Wasteland Strip Mine

I was somewhat concerned that Strip Mine might be too powerful, but the opposite proved to be true. The spells in the deck are just too efficient for a Wasteland to matter in most games. I had some stuff like Wrenn and Six in for Strip Mine locks and while Wrenn was good for killing creatures, the mana denial strategy just wasn’t ever effective. I really enjoyed watching that play out, so I’m glad that I tried those cards and that they ended up being a learning experience for me. It’s always good to push boundaries in Cube design, because things don’t always work out the way you would expect them to.

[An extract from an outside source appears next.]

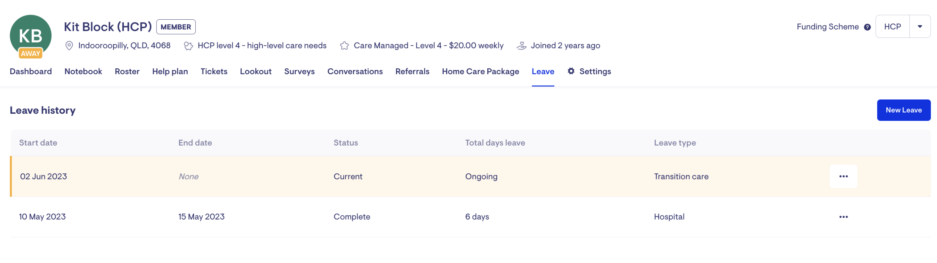 You can now capture periods a member is on leave, such as during a hospital visit or respite, directly within Lookout.
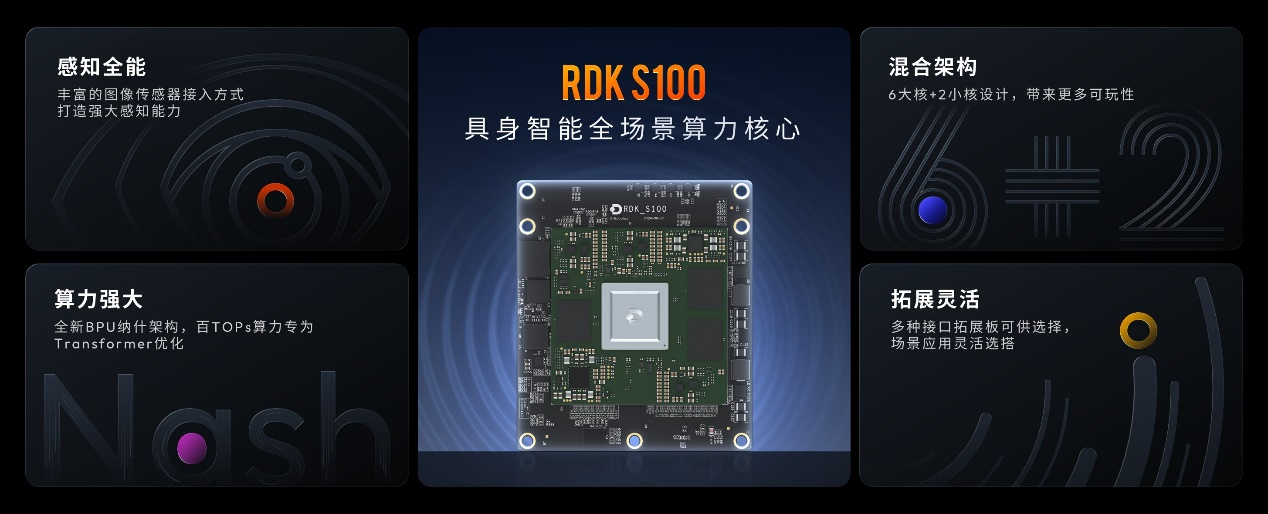 RDK S100是面向具身智能前沿创新与应用突破的全场景算力核心,基于新一代BPU纳什架构设计,拥有百TOPs级算力,专为大参数Transformer优化,可以满足人形机器人、仿生机器人等具身智能应用场景对感知精度和泛化能力的高阶需求。RDK S100还提供丰富的图像传感器接入方式和多种接口拓展板,为具身智能机器人的开发提供灵活拓展性。

The gameplay of the Tempo Twobert has hit a ton of nostalgic notes for me as well as providing cool new interactions and play experiences. The four-player Draft environment with each player drafting five nine-card packs has been a rousing success with my friends, and I hope that this article either got you excited about trying this design out or working on your own Twobert if you weren’t already there. These have been the most fun I’ve had playing Magic in years, and it’s been so rewarding for me to see and hear from other people enjoying them as much as I have.